*Task statement*
Starting with the line that holds "约140㎡4房2厅2卫的户型", reproduce each line through the last one of the data, exactly as written. Pictures are not copied.

*Source data*
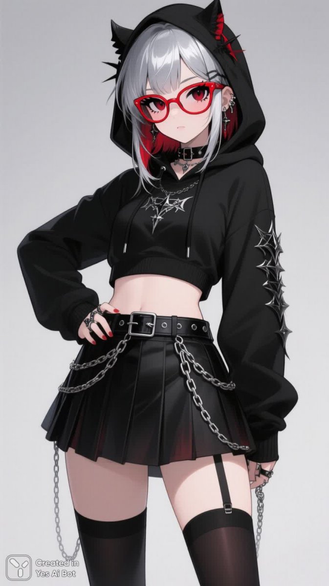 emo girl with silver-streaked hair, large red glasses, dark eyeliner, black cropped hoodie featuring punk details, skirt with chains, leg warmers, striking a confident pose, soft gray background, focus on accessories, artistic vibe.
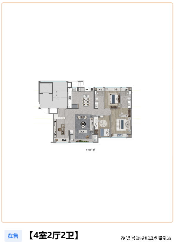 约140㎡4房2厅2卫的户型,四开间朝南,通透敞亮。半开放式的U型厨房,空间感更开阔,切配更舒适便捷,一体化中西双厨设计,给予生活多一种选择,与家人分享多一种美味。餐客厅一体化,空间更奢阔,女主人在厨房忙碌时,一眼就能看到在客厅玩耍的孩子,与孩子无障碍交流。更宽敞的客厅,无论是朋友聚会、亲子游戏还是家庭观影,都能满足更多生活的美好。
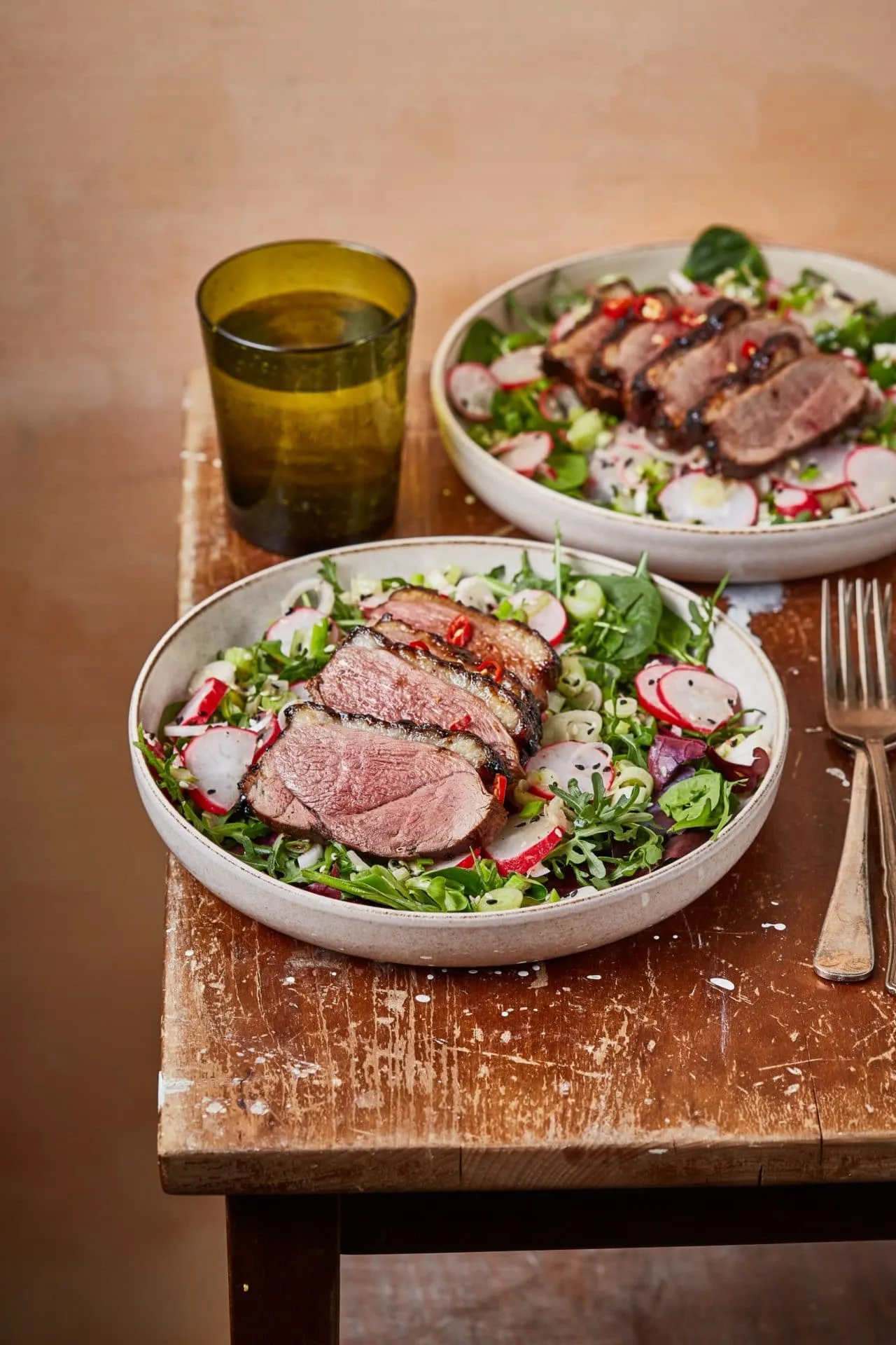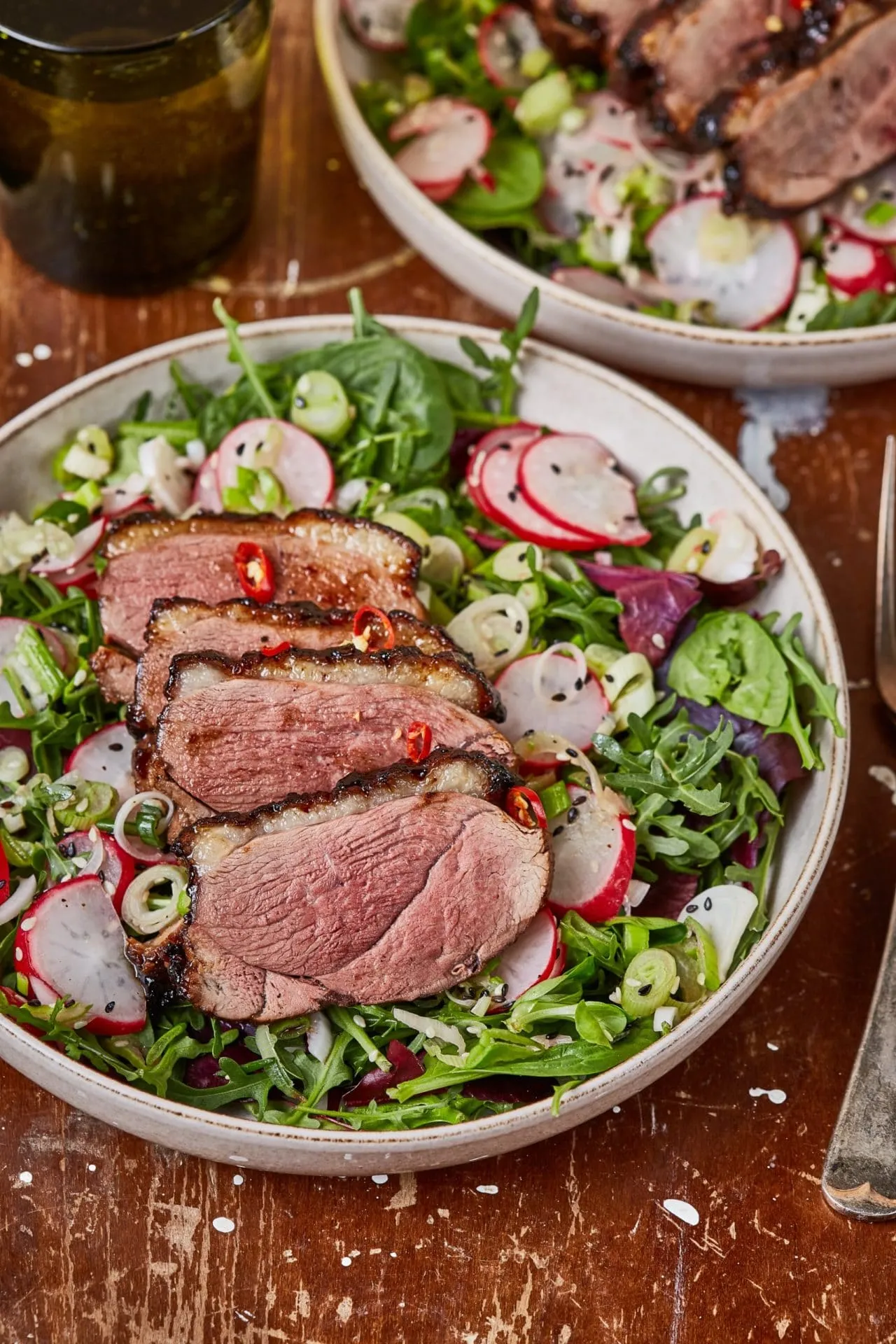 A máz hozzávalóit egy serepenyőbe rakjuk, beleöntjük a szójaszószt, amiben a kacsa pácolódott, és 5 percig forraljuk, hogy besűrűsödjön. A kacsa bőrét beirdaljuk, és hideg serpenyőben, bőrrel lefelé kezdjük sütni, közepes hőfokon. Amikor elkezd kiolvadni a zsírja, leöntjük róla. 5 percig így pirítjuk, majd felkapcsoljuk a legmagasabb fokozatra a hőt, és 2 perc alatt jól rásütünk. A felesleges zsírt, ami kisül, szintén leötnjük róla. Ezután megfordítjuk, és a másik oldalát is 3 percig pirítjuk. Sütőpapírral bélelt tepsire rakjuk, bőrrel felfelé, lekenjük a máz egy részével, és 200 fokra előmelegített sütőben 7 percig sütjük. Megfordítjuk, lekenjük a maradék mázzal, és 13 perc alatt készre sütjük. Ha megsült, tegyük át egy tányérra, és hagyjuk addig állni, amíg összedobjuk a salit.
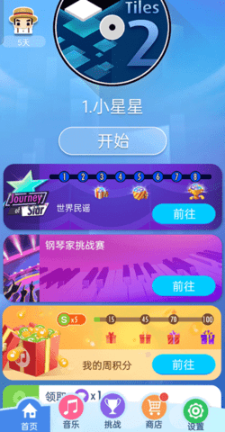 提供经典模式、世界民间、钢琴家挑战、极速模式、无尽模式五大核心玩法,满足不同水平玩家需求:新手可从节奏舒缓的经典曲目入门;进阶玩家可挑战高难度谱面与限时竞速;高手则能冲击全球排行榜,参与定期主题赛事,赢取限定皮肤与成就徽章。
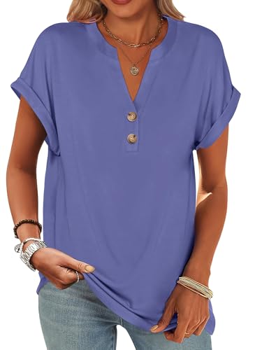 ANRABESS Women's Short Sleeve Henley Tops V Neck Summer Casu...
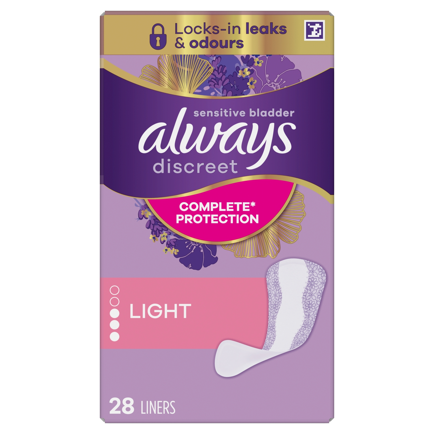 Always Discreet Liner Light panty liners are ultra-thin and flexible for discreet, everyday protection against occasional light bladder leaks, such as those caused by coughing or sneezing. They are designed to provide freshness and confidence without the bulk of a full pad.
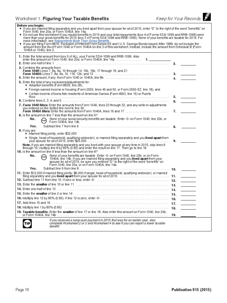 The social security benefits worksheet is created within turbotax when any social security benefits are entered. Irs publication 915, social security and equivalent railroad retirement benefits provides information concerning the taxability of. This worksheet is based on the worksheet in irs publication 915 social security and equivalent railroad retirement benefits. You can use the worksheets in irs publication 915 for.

*Response below*
 约140㎡4房2厅2卫的户型,四开间朝南,通透敞亮。半开放式的U型厨房,空间感更开阔,切配更舒适便捷,一体化中西双厨设计,给予生活多一种选择,与家人分享多一种美味。餐客厅一体化,空间更奢阔,女主人在厨房忙碌时,一眼就能看到在客厅玩耍的孩子,与孩子无障碍交流。更宽敞的客厅,无论是朋友聚会、亲子游戏还是家庭观影,都能满足更多生活的美好。
 A máz hozzávalóit egy serepenyőbe rakjuk, beleöntjük a szójaszószt, amiben a kacsa pácolódott, és 5 percig forraljuk, hogy besűrűsödjön. A kacsa bőrét beirdaljuk, és hideg serpenyőben, bőrrel lefelé kezdjük sütni, közepes hőfokon. Amikor elkezd kiolvadni a zsírja, leöntjük róla. 5 percig így pirítjuk, majd felkapcsoljuk a legmagasabb fokozatra a hőt, és 2 perc alatt jól rásütünk. A felesleges zsírt, ami kisül, szintén leötnjük róla. Ezután megfordítjuk, és a másik oldalát is 3 percig pirítjuk. Sütőpapírral bélelt tepsire rakjuk, bőrrel felfelé, lekenjük a máz egy részével, és 200 fokra előmelegített sütőben 7 percig sütjük. Megfordítjuk, lekenjük a maradék mázzal, és 13 perc alatt készre sütjük. Ha megsült, tegyük át egy tányérra, és hagyjuk addig állni, amíg összedobjuk a salit.
 提供经典模式、世界民间、钢琴家挑战、极速模式、无尽模式五大核心玩法,满足不同水平玩家需求:新手可从节奏舒缓的经典曲目入门;进阶玩家可挑战高难度谱面与限时竞速;高手则能冲击全球排行榜,参与定期主题赛事,赢取限定皮肤与成就徽章。
 ANRABESS Women's Short Sleeve Henley Tops V Neck Summer Casu...
 Always Discreet Liner Light panty liners are ultra-thin and flexible for discreet, everyday protection against occasional light bladder leaks, such as those caused by coughing or sneezing. They are designed to provide freshness and confidence without the bulk of a full pad.
 The social security benefits worksheet is created within turbotax when any social security benefits are entered. Irs publication 915, social security and equivalent railroad retirement benefits provides information concerning the taxability of. This worksheet is based on the worksheet in irs publication 915 social security and equivalent railroad retirement benefits. You can use the worksheets in irs publication 915 for.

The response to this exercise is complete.